Tumgik
Tumblr
http://twiceuponadecember.tumblr.com/
Tumblr is a wormhole no one deserves to be sucked into. And yet, it is a beautiful place everyone deserves a part of. It is a walking contradiction of love, hate, screaming fandoms, political correctness, and just an all around collection of nerds who get to celebrate their nerdiness in every colourful shade it comes in.
           This was the first thing a friend of mine told me when I first got Tumblr. My following message to her involved me telling her I wasn’t going to get addicted. Five years later, it turns out she was right and I was wrong. Oh so very wrong.

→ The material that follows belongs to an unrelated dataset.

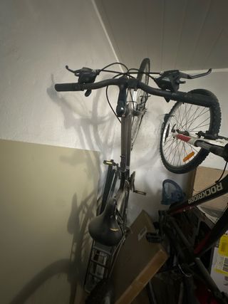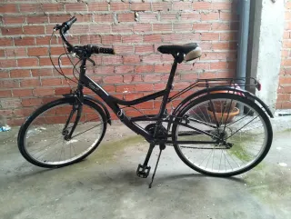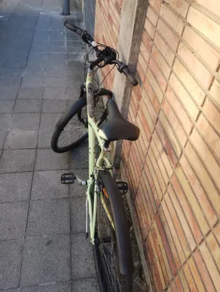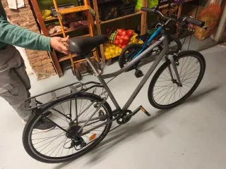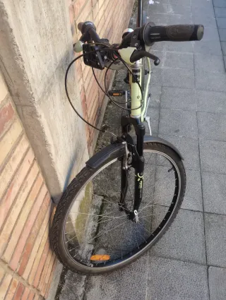 Bicicleta de paseo Btwin Elops 1, ideal para desplazamientos urbanos. Recien puesto a punto en tienda hace 1 mes. Todo funciona perfectamente. He cambiado el manillar para que quepa en el ascensor. -Cambio Shimano de 5 velocidades - Cuadro de aluminio. - Ruedas de 26 pulgadas. - Frenos V-brake. - Sillín cómodo. - Guardabarros delantero y trasero. Solo venta en persona en Valencia ciudad.
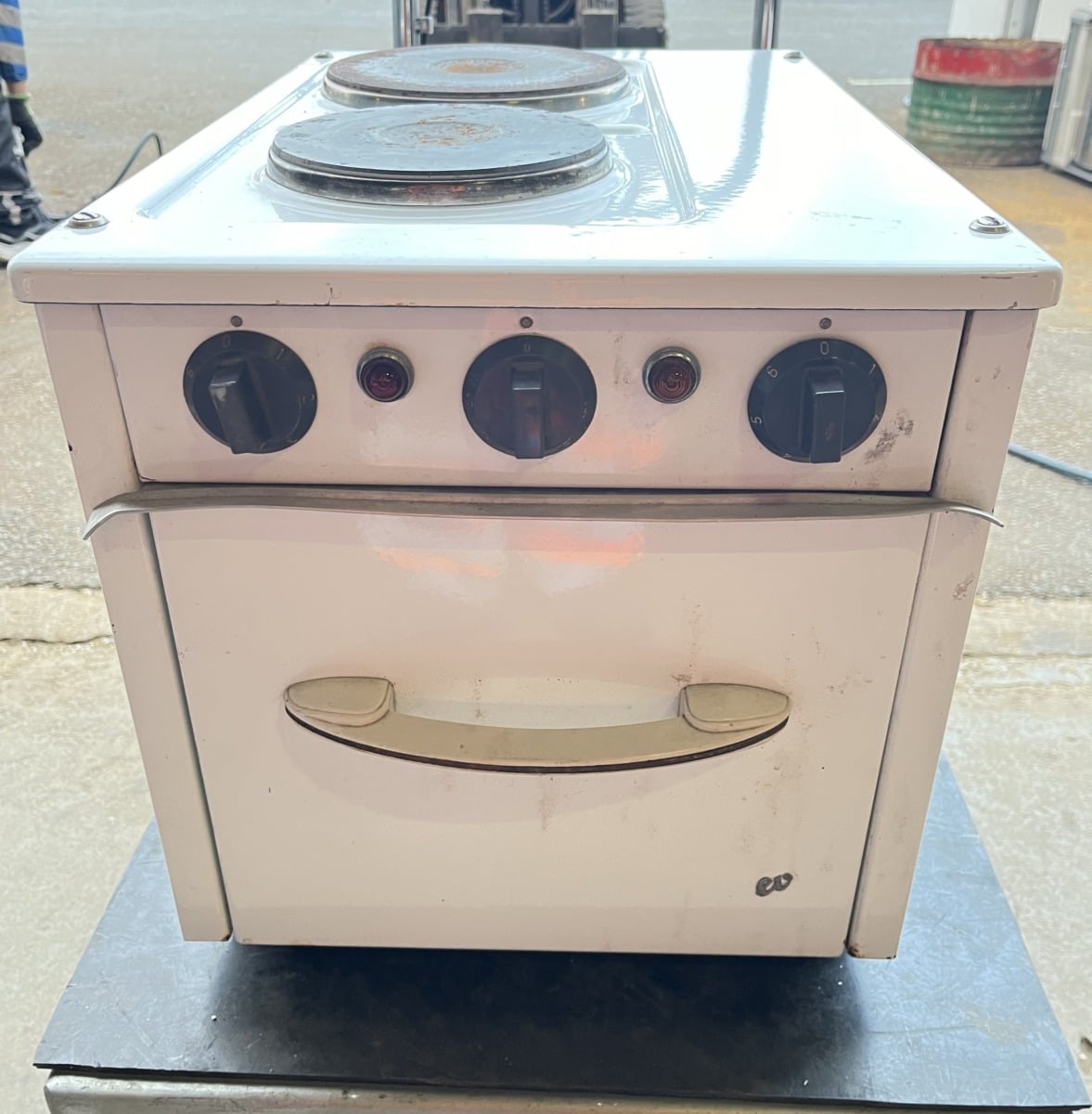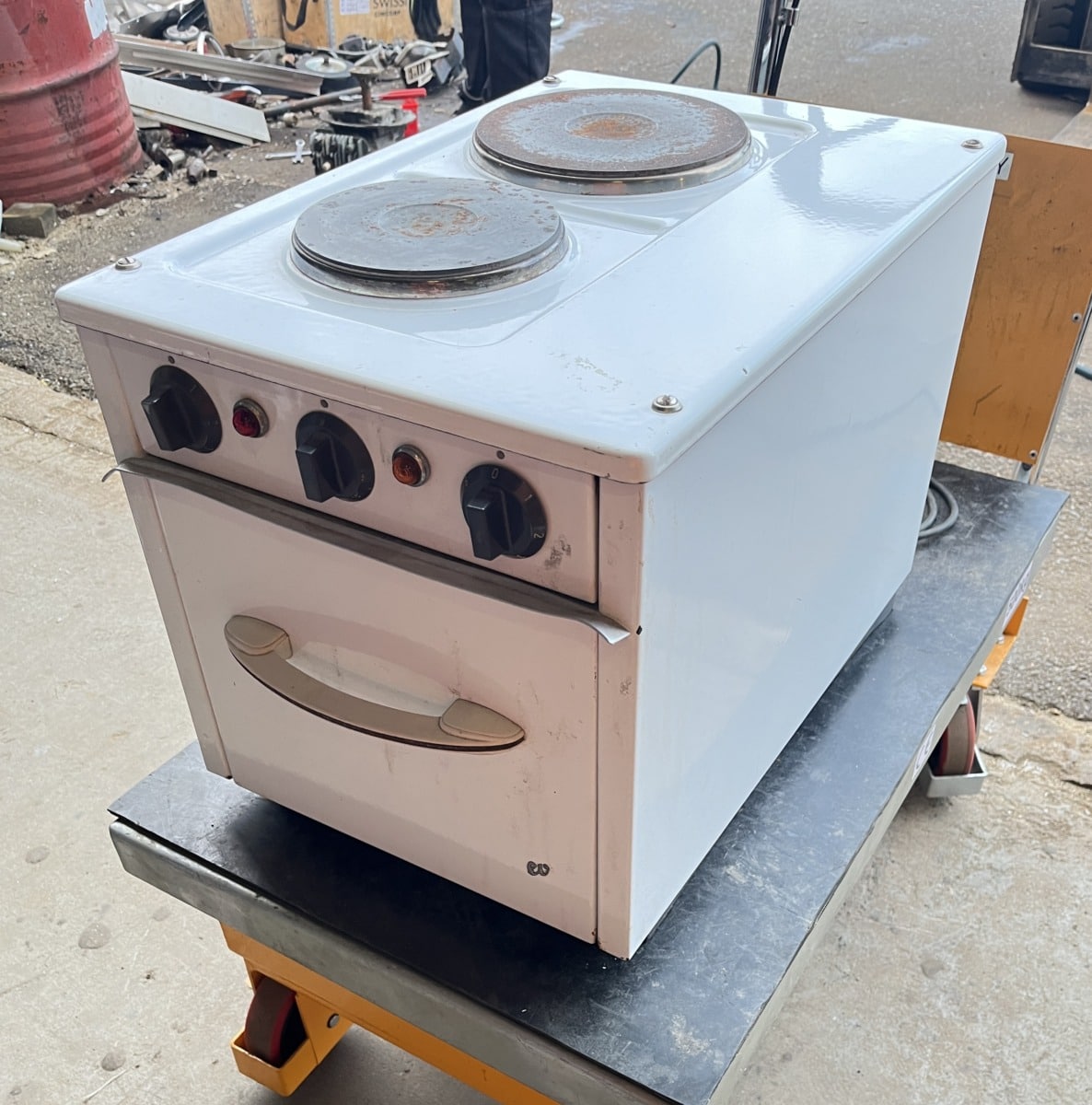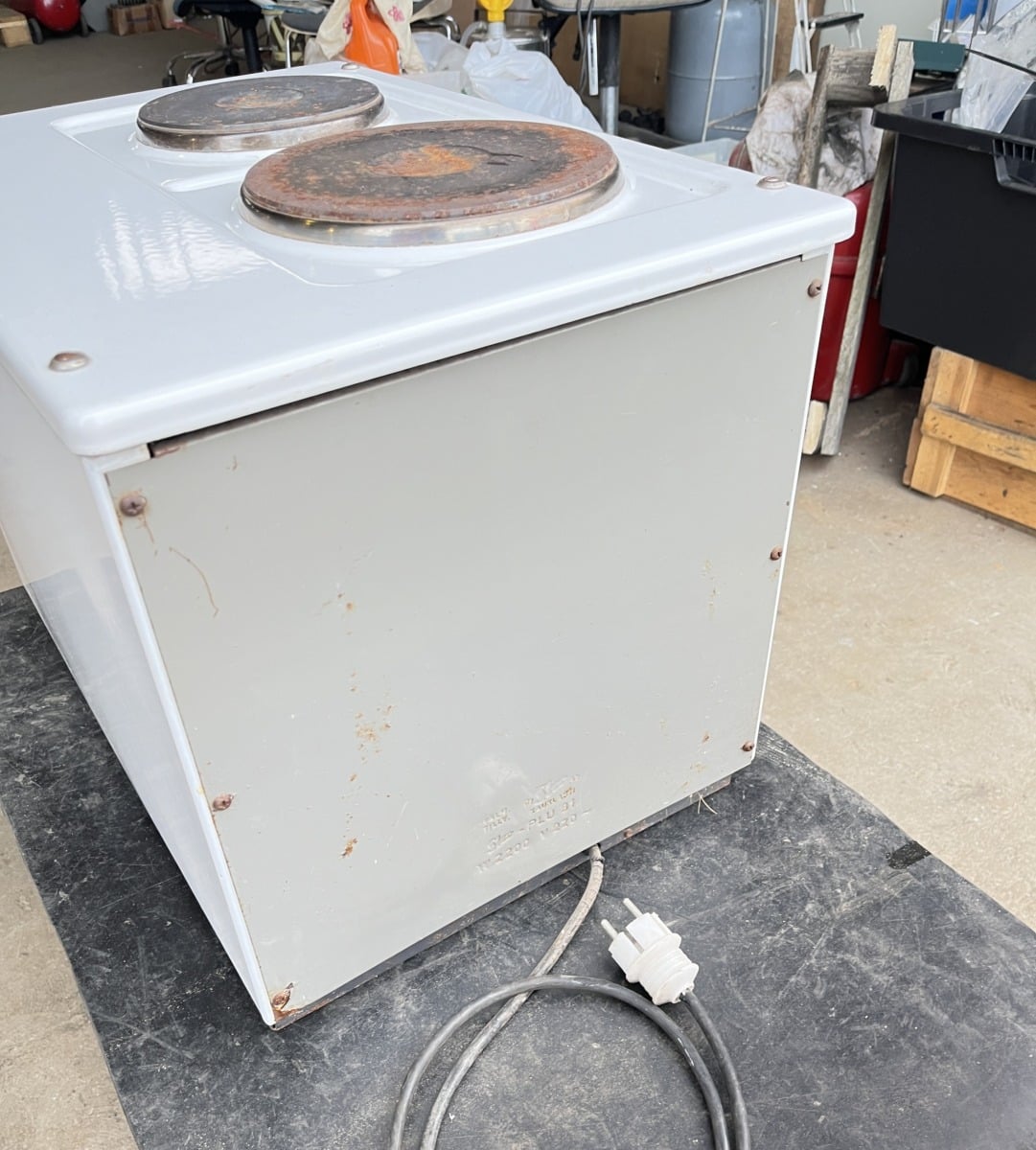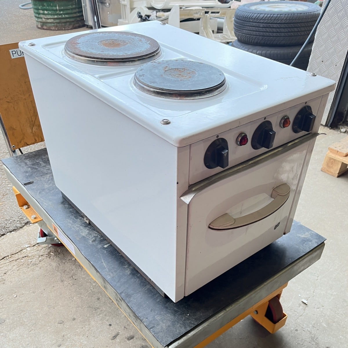 Kahdella keittolevyllä ja uunilla sekä pistotulppaliitännällä.

           I’ve run hot and cold on Tumblr for the entirety of the five years I’ve been an active participant on it. There are days where I think it’s wonderful. When I’m having a bad day, it’s a place to rant in a blog post, or even talk to others through the chat function, and when I’m having a good day it’s a place to chat to others about common fandoms, or shared likes, etc. But then there are other times where it gets to be too much to me. Society these days is a very socially aware place. For the most part, everyone tries to be accepting, and understanding of others, but we live in a world where even something as small as using the appropriate pronoun for another person is important, and while I agree that that’s something each person needs to get right, Tumblr has a tendency to take it to an extreme.  
           Ultimately, however, I find that Tumblr has had a good impact on my own life, personally. While it is completely ridiculous eighty-five percent of the time, it has taught me a lot about treating people with kindness, and being respectful of everyone, regardless of how they may think and feel (and trust me, there are more options than you could possibly imagine.)
           I met one of my best friend’s on Tumblr. We’ve never met in real life, but we text every day, have talked on FaceTime, have exchanged country-specific packages of candy, and have connected on every social media outlet we’re both signed up for. There are days when Tumblr drives me crazy, and I feel like it’s a place that keeps everyone on their toes, walking on eggshells around any issue that comes up lest there exist someone who will scream at them for making a mistake (and believe me, someone will scream.) But if Tumblr didn’t exist, I wouldn’t have met this friend. And she’s such an important part of my life, that I can’t remember a time before I knew her.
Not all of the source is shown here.